Directions ::
When you reach the line below that has "il freno Shimano", start returning lines exactly, and stop after the line that has "Celková výměra uvedených"; skip the pictures.

Source information ::
___

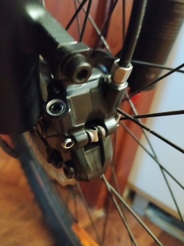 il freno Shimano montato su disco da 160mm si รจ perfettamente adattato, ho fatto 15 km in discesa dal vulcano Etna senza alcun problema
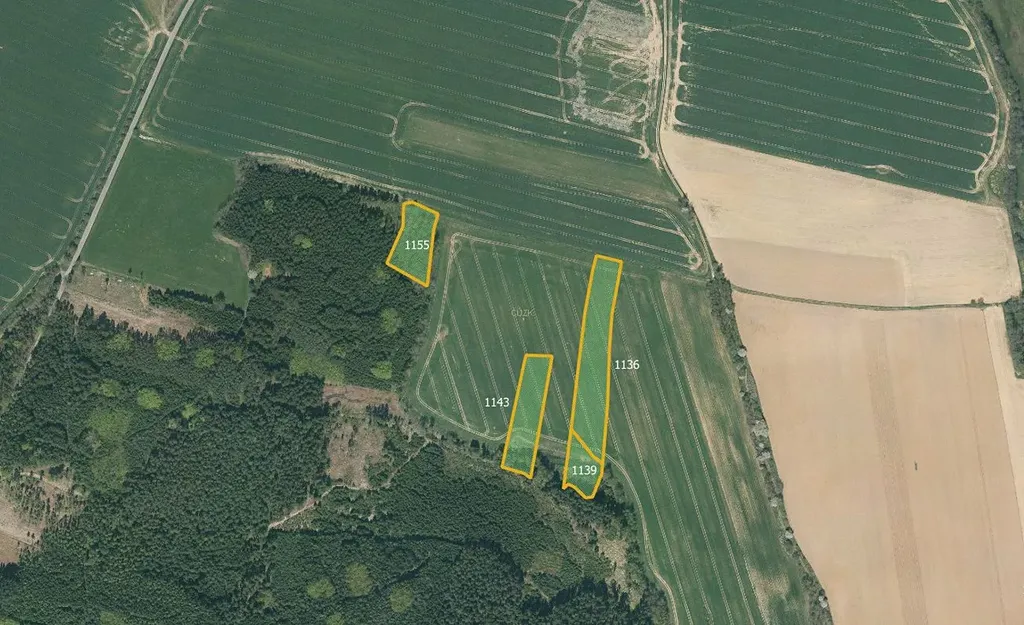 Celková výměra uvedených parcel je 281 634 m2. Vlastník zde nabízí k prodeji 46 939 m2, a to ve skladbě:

___

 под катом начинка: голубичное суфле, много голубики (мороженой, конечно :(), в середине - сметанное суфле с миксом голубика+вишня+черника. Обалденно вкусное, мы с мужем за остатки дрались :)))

___

Response ::
 il freno Shimano montato su disco da 160mm si รจ perfettamente adattato, ho fatto 15 km in discesa dal vulcano Etna senza alcun problema
 Celková výměra uvedených parcel je 281 634 m2. Vlastník zde nabízí k prodeji 46 939 m2, a to ve skladbě:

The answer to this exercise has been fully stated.